GOAL OF THE EXERCISE |
From the records that follow, return exactly the lines beginning at the one that contains "Свалка F-86, списанных" and ending at the one that contains "Pharmacology Nursing 251", pictures left out.

DATA SHOWN |
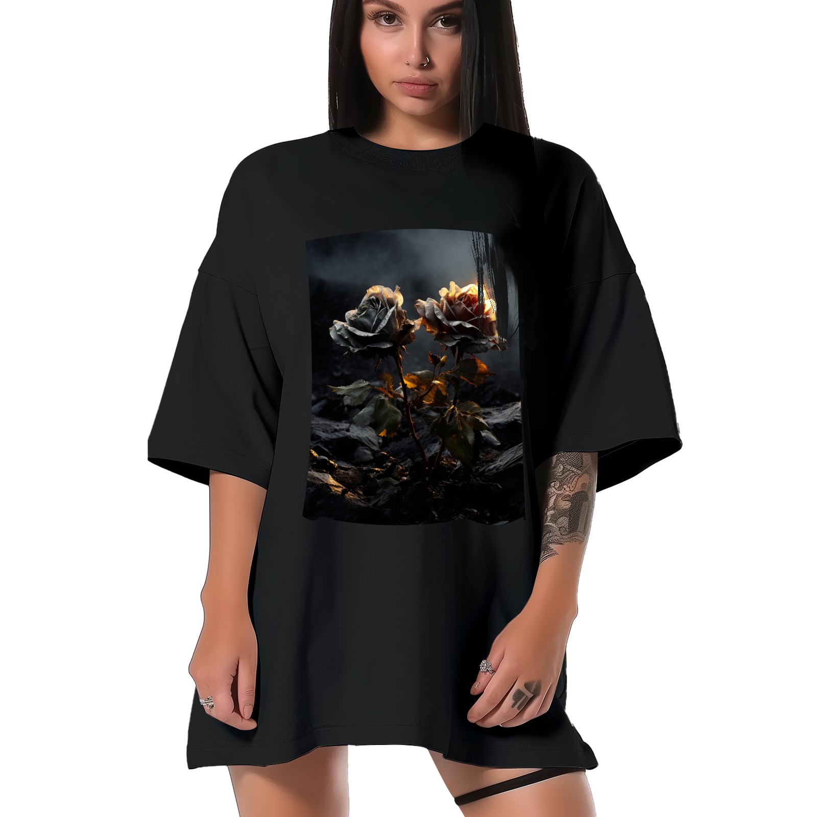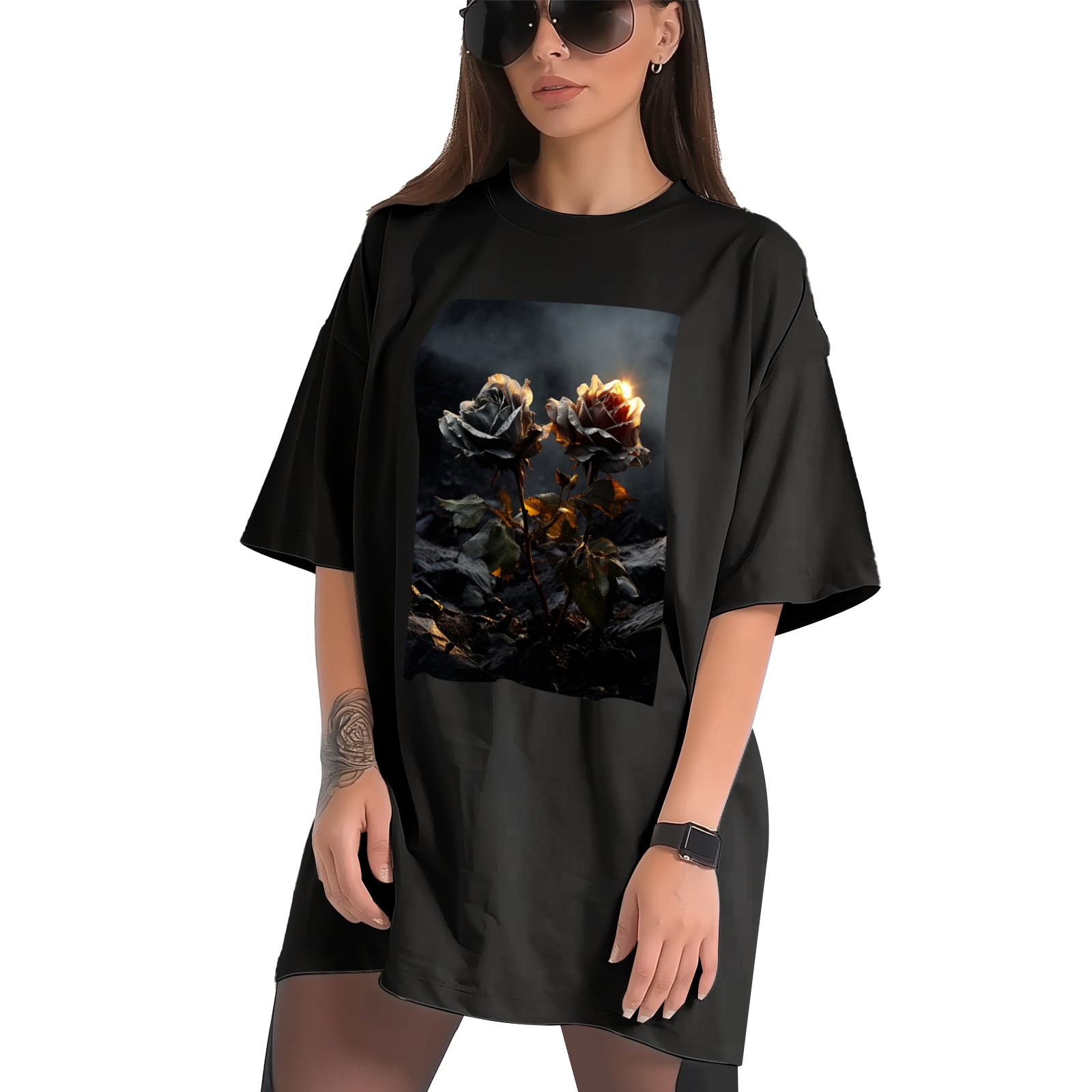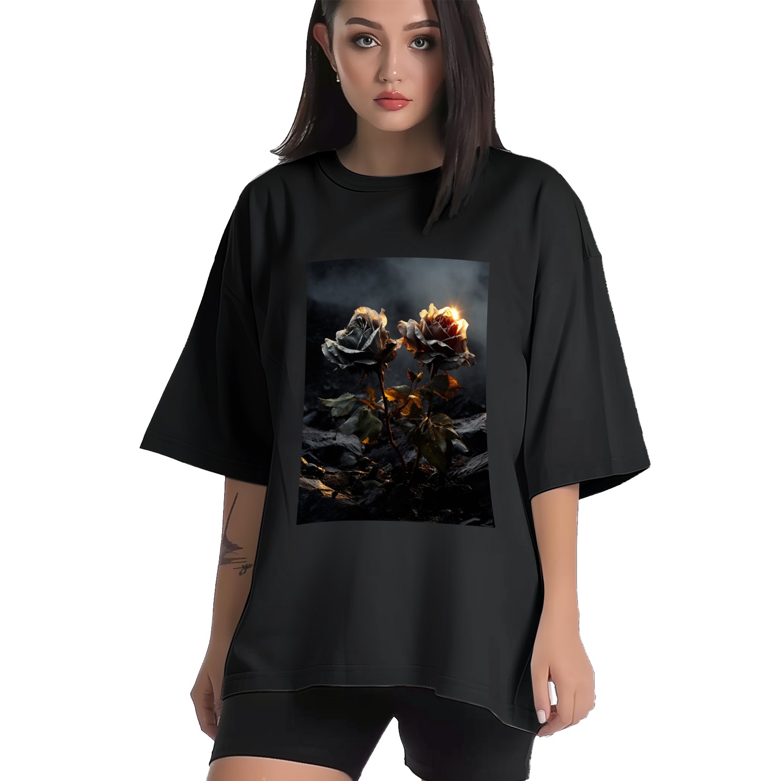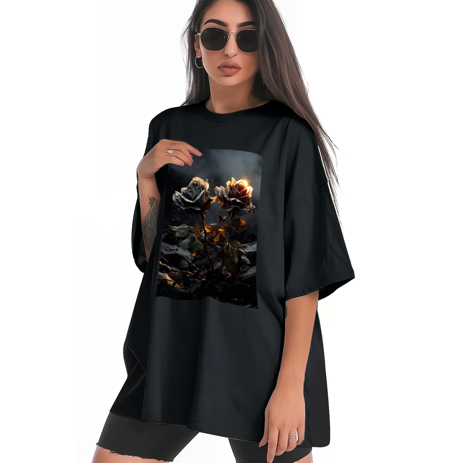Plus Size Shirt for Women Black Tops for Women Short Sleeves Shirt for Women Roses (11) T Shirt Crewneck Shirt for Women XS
* * *
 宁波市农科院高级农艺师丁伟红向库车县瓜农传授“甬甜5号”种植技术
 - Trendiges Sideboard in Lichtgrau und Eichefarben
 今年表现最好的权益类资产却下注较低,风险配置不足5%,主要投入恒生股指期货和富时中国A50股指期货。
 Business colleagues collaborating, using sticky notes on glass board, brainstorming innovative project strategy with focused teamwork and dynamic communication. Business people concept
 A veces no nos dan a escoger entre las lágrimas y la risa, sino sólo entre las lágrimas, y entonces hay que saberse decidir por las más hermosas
==
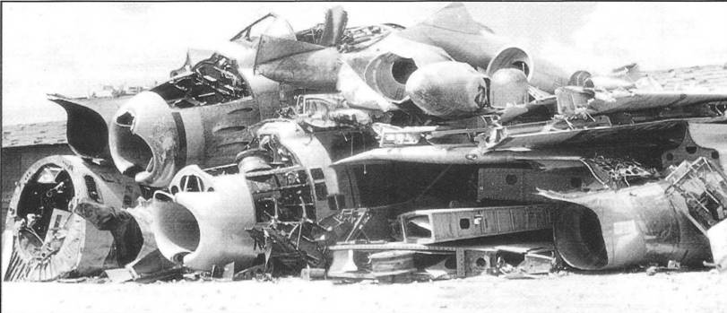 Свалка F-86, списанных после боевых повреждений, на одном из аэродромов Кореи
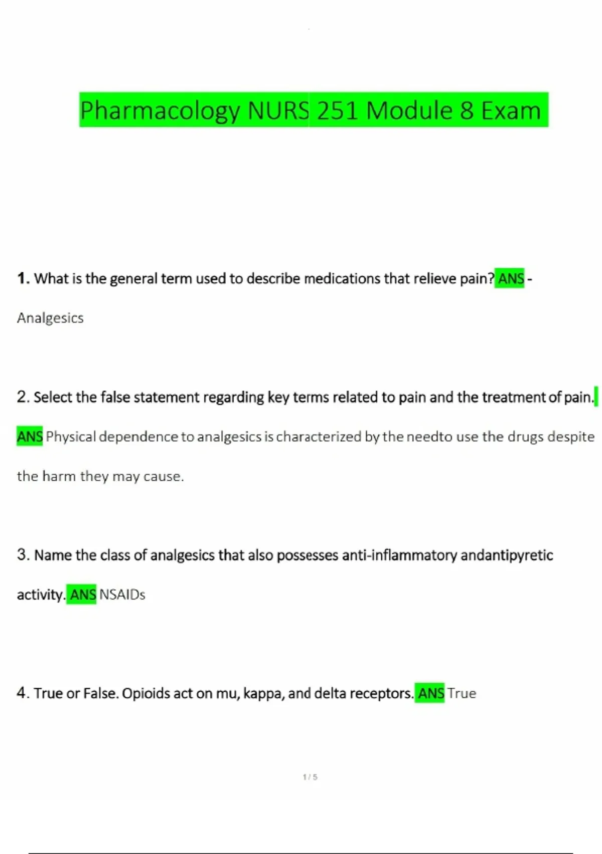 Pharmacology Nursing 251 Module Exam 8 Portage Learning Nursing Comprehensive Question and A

RESULT OF THE TASK |
 Свалка F-86, списанных после боевых повреждений, на одном из аэродромов Кореи
 Pharmacology Nursing 251 Module Exam 8 Portage Learning Nursing Comprehensive Question and A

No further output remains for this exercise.